Top of DATA SECTION
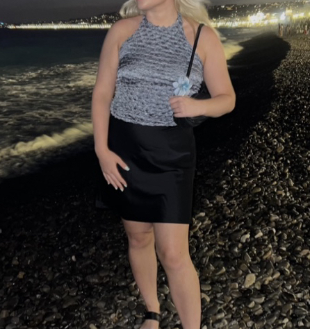 Creased halter top with raised design. Beautiful metallic blue silver-ish color. 🩵 Very strechy material!
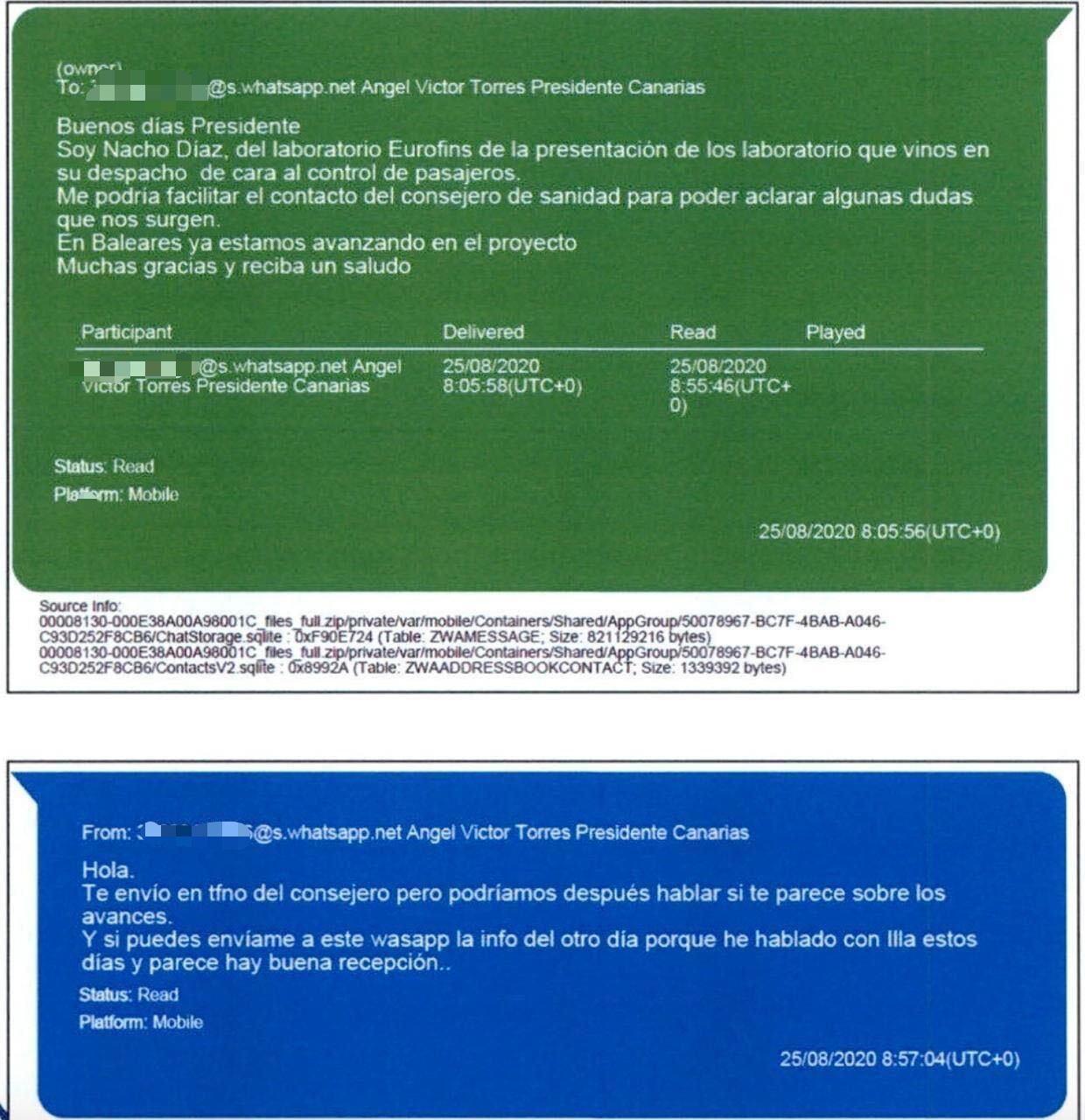 Días más tarde, Ignacio Díaz estaba citado en el Ministerio de Transportes, éste envía un mensaje al Presidente de Canarias, en el cual se presenta recordándole que estuvo en la presentación que se hizo en su despacho y le pide el contacto del Consejero de Sanidad, asimismo, le informa que en Baleares están avanzando en el proyecto. Víctor Torres le facilita el contacto solicitado, pero le pide hablar con él sobre los avances, también le pide que le envíe la información que le había facilitado anteriormente, añadiendo que ha hablado con Salvador Illa, Ministro de Sanidad, y que parece que hay buena recepción".
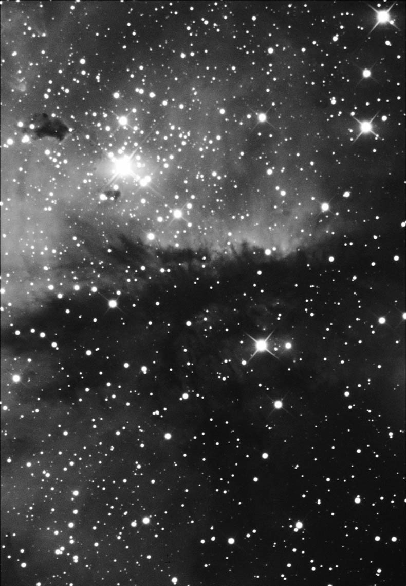 Astronomický snímek dne http://www.astro.cz/apod/ap041020.html | NGC 281 je rušnou dílnou, kde se tvoří hvězdy. Mezi nápadné útvary patří otevřená hvězdokupa, difuzní červeně zářící emisní mlhovina, velké pásy stínícího plynu a prachu a husté uzlíky prachu a plynu, ve kterých možná stále vznikají hvězdy. Otevřená hvězdokupa IC 1590, která je vidět u středu, vznikla teprve v několika posledních miliónech let. Nejjasnějším členem této kupy je ve skutečnosti vícenásobná hvězdná soustava, která vyzařuje světlo ionizující plyn v mlhovině a které pak způsobuje všude viditelnou červenou záři. Pásy prachu, které jsou vidět vlevo od středu, jsou nejspíše místa budoucího vznikání hvězd. Na fotografii nahoře jsou zvlášť výrazné tmavé Bokovy globule, které jsou vidět proti jasné mlhovině. Zcela jistě tam právě teď vznikají hvězdy. Celá soustava NGC 281 se nachází asi 10 tisíc světelných let daleko. |
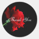 Um adesivo redondo mostrado com fundo preto e uma bela rosa vermelha. Texto: Obrigado Personalizar este item ou comprar como está.
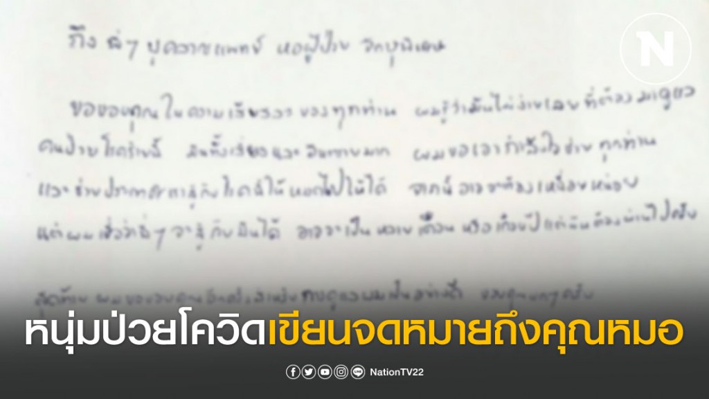 ถึงพี่ๆ บุคลากรเเพทย์ หอผู้ป่วย ......ขอขอบคุณในความเสียสละของทุกท่าน ผมรู้ว่ามันไม่ง่ายเลยที่ต้องดูเเลคนป่วยโรคร้ายนี้ มันทั้งเสี่ยงเเละอันตรายมาก ผมขอเป็นกำลังใจช่วยทุกคน เเละช่วยประเทศเราสู้กับโรคนี้ไปให้หมดไปให้ได้ จากนี้อาจจะต้องเหนื่อนเเต่ผมเชื่อว่าพี่ๆ จะสู้กับไปได้ อาจจเป็นหลายเดือนหรือหลายปีเเต่มันต้องผ่านไปครับ สุดท้ายผมขอขอบคุณอีกครั้งสำหรับการดูเเลผมเป็นอย่างดี ขอบคุณมากๆครับ
Bottom of DATA SECTION
**WHAT IS BEING ASKED:**
Set aside the pictures. Then return every line of the material above verbatim.

**ANSWER BOX:**
 Creased halter top with raised design. Beautiful metallic blue silver-ish color. 🩵 Very strechy material!
 Días más tarde, Ignacio Díaz estaba citado en el Ministerio de Transportes, éste envía un mensaje al Presidente de Canarias, en el cual se presenta recordándole que estuvo en la presentación que se hizo en su despacho y le pide el contacto del Consejero de Sanidad, asimismo, le informa que en Baleares están avanzando en el proyecto. Víctor Torres le facilita el contacto solicitado, pero le pide hablar con él sobre los avances, también le pide que le envíe la información que le había facilitado anteriormente, añadiendo que ha hablado con Salvador Illa, Ministro de Sanidad, y que parece que hay buena recepción".
 Astronomický snímek dne http://www.astro.cz/apod/ap041020.html | NGC 281 je rušnou dílnou, kde se tvoří hvězdy. Mezi nápadné útvary patří otevřená hvězdokupa, difuzní červeně zářící emisní mlhovina, velké pásy stínícího plynu a prachu a husté uzlíky prachu a plynu, ve kterých možná stále vznikají hvězdy. Otevřená hvězdokupa IC 1590, která je vidět u středu, vznikla teprve v několika posledních miliónech let. Nejjasnějším členem této kupy je ve skutečnosti vícenásobná hvězdná soustava, která vyzařuje světlo ionizující plyn v mlhovině a které pak způsobuje všude viditelnou červenou záři. Pásy prachu, které jsou vidět vlevo od středu, jsou nejspíše místa budoucího vznikání hvězd. Na fotografii nahoře jsou zvlášť výrazné tmavé Bokovy globule, které jsou vidět proti jasné mlhovině. Zcela jistě tam právě teď vznikají hvězdy. Celá soustava NGC 281 se nachází asi 10 tisíc světelných let daleko. |
 Um adesivo redondo mostrado com fundo preto e uma bela rosa vermelha. Texto: Obrigado Personalizar este item ou comprar como está.
 ถึงพี่ๆ บุคลากรเเพทย์ หอผู้ป่วย ......ขอขอบคุณในความเสียสละของทุกท่าน ผมรู้ว่ามันไม่ง่ายเลยที่ต้องดูเเลคนป่วยโรคร้ายนี้ มันทั้งเสี่ยงเเละอันตรายมาก ผมขอเป็นกำลังใจช่วยทุกคน เเละช่วยประเทศเราสู้กับโรคนี้ไปให้หมดไปให้ได้ จากนี้อาจจะต้องเหนื่อนเเต่ผมเชื่อว่าพี่ๆ จะสู้กับไปได้ อาจจเป็นหลายเดือนหรือหลายปีเเต่มันต้องผ่านไปครับ สุดท้ายผมขอขอบคุณอีกครั้งสำหรับการดูเเลผมเป็นอย่างดี ขอบคุณมากๆครับ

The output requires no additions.